I was playing a bunch of different little games recently, with a common (if stretched) theme of city builders. I thought I’d give some quick reviews here to share my thoughts – they all had things to like. Giving the verdict on the same line as the title to avoid suspense, since I’m not giving detailed verdicts anyway.

Banished 🙂

Banished Screenshot

This game is a real city builder, a pre-industrial setting with roads and houses and people, farms and smiths and tailors. Honestly, I found the difficulty level to be quite unforgiving and the tutorials didn’t really help. But that’s the best feature in this game, that it has a high degree of realism and that’s where the unforgiving nature comes from. I like how it’s set in lower Norway (or Canada, based on the length of the snow season), an excellent and challenging place to live pre-industrial age. Neglect food, or warmth during winter, and the effects devastate your community. Since I don’t know how to scale back, which is probably more me than the game, that’s game over. I couldn’t keep playing that town after I filled the graveyards with starving children, the scale is just right for individual deaths to count while still reaching a city size ‘statistical’ feeling by the end.

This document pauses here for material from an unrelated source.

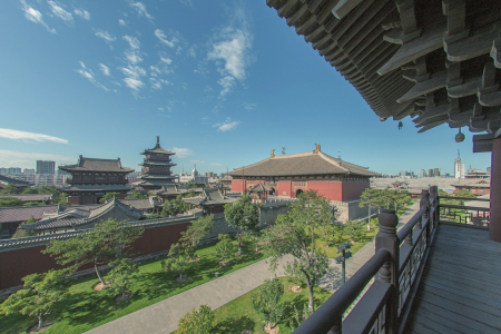 華嚴(yán)寺始建于遼重熙七年(公元1038年),其名取自佛教經(jīng)典《華嚴(yán)經(jīng)》中“慈悲之華,必結(jié)莊嚴(yán)之果”。寺院坐西向東,山門(mén)、普光明殿、大雄寶殿、薄伽教藏殿、華嚴(yán)寶塔等30余座單體建筑分別排列在南北兩條主軸線上,布局嚴(yán)謹(jǐn),規(guī)模宏大,占地面積達(dá)6.6萬(wàn)平方米,是我國(guó)現(xiàn)存年代較早、保存較完整的一座遼金寺廟建筑群,1961年被國(guó)務(wù)院公布為第一批全國(guó)重點(diǎn)文物保護(hù)單位,2014年被評(píng)為國(guó)家4A級(jí)旅游景區(qū)。

My difficulties were almost certainly caused by attempting to scale up too fast (encouraging breeding with empty houses – not 100% realistic but at least people don’t just “appear”) and not adequately provisioning for the numbers. Food was always a struggle that I could generally keep on top of, but scaling firewood up to dozens of wooden houses seemed to be an endless task. I may need to upgrade to warmer stone houses, but that’s so expensive and slow that it wouldn’t fit my desired rate of expansion. It’s good to see a game where you really need finesse and can’t just win by scale, even if that’s not my style.

Weak points included the scant tutorials. For some reason the peasants never fully harvested my farms after the early game, leading to frequent famines as the crops they needed withered on the vine. I played the farming tutorial to try and figure out what I was missing, it didn’t help. I also never understood the point of an education. The first game I played, the schoolhouse was the first building to go up and it was the center of town. Second game I realized that I want more laborers in order to build a settlement; can’t grow as fast when they take years off work to get an education. There’s definitely an interesting realistic trade-off to be made here, but without a quantified value for an education (do some jobs need it? does it make you a faster farmer?) it’s hard to justify no matter how much I want to give those kids an education.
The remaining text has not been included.